Many tracks have alternate mixes exclusive to the Quadrophonic LP release including "New York State of Mind", "Prelude/Angry Young Man", "I've Loved These Days" and "Miami 2017 (Seen the Lights Go Out on Broadway)". Contrary to some sources, the saxophone solo on "New York State of Mind" was never re-recorded by Phil Woods for the release of Greatest Hits, Vols.

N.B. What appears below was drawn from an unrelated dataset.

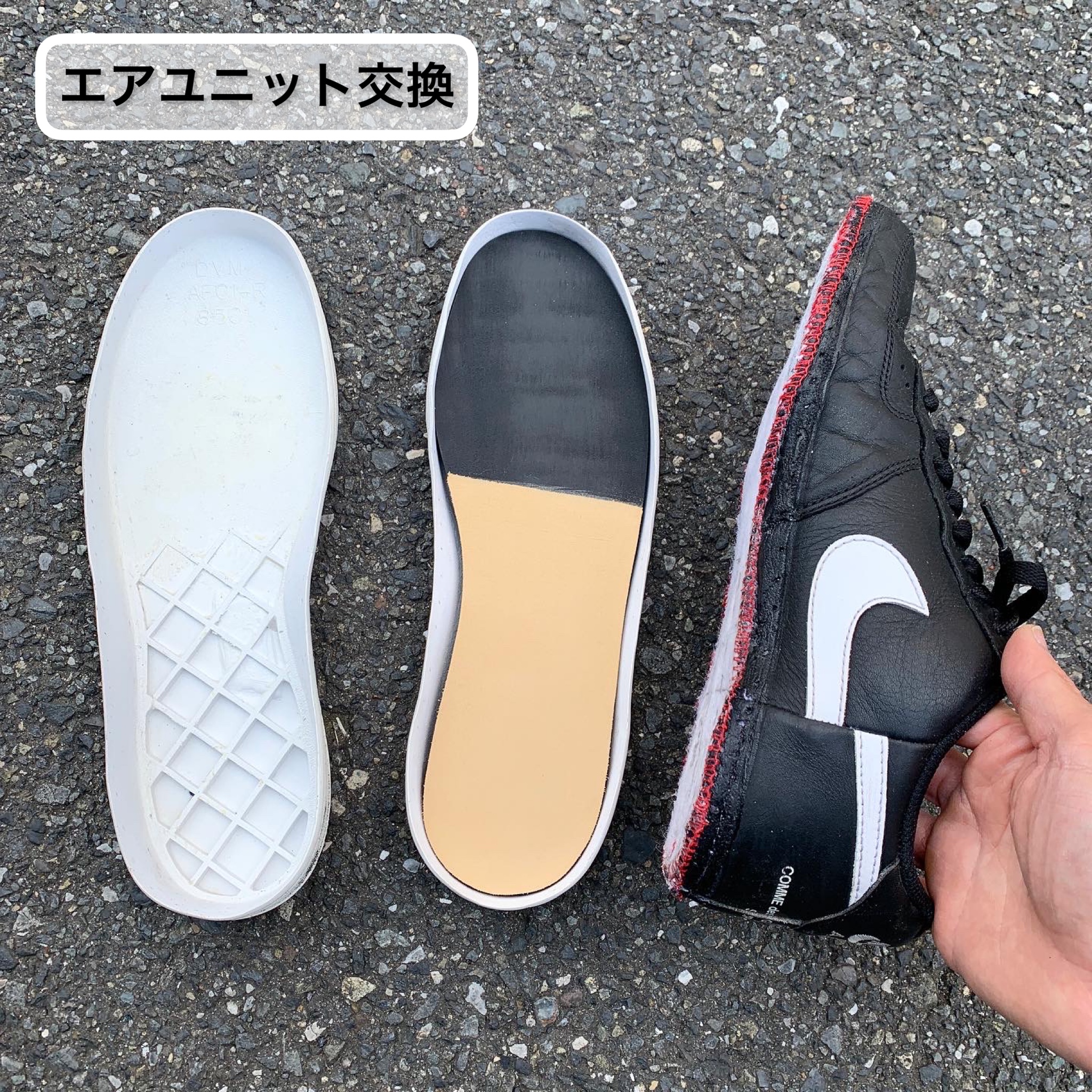 〇エアユニット交換(エアフォース1、エアジョーダン1など) 両足:9,900~12,100円

I and II. The only time that Phil Woods performed on a Billy Joel recording was the song "Just the Way You Are" in 1977.

Side one
| No. | Title | Length |
|---|---|---|
| 1. | "Say Goodbye to Hollywood" | 4:36 |
| 2. | "Summer, Highland Falls" | 3:15 |
| 3. | "All You Wanna Do Is Dance" | 3:40 |
| 4. | "New York State of Mind" | 5:58 |

Side two
| No. | Title | Length |
|---|---|---|
| 5. | "James" | 3:53 |
| 6. | "Prelude/Angry Young Man" | 5:17 |
| 7. | "I've Loved These Days" | 4:31 |
| 8. | "Miami 2017 (Seen the Lights Go Out on Broadway)" | 5:12 |
| Total length: |  | 36:22 |

==Personnel==
Adapted from the AllMusic credits.
- Billy Joel – vocals, acoustic piano, electric piano, Moog synthesizer, clavinet, organs
- Howie Emerson – electric and acoustic guitars
- Russell Javors – electric and acoustic guitars
- James Smith – acoustic guitar
- Doug Stegmeyer – bass guitar
- Liberty DeVitto – drums
- Mingo Lewis – percussion
- Richie Cannata – saxophones, clarinet
- Ken Ascher – orchestral arrangements

===Production===
- Jerry Abramowitz – cover photography
- John Berg – cover design
- Gerard Huerta – cover lettering
- Bruce Botnick – mixing
- John Bradley – engineer, project supervisor
- Jo Buckley – production coordination
- Billy Joel – producer
- Don Puluse – engineer
- Brian Ruggles – basic track consultant
- Lou Waxman – tape engineer

==Charts==

===Weekly charts===

| Chart (1976–77) | Peak position |
|---|---|
| Australia (Kent Music Report) | 12 |
| U.S. Billboard 200 | 122 |
| Chart (2004) | Position |
| Japanese Albums (Oricon) | 286 |

===Year-end charts===

| Chart (1976) | Position |
|---|---|
| Australia (Kent Music Report)^{[citation needed]} | 32 |

===Certifications===

| Region | Certification | Certified units/sales |
| Australia (ARIA) | Gold | 20,000^{^} |
| United States (RIAA) | Platinum | 1,000,000^{^} |
^{^} Shipments figures based on certification alone.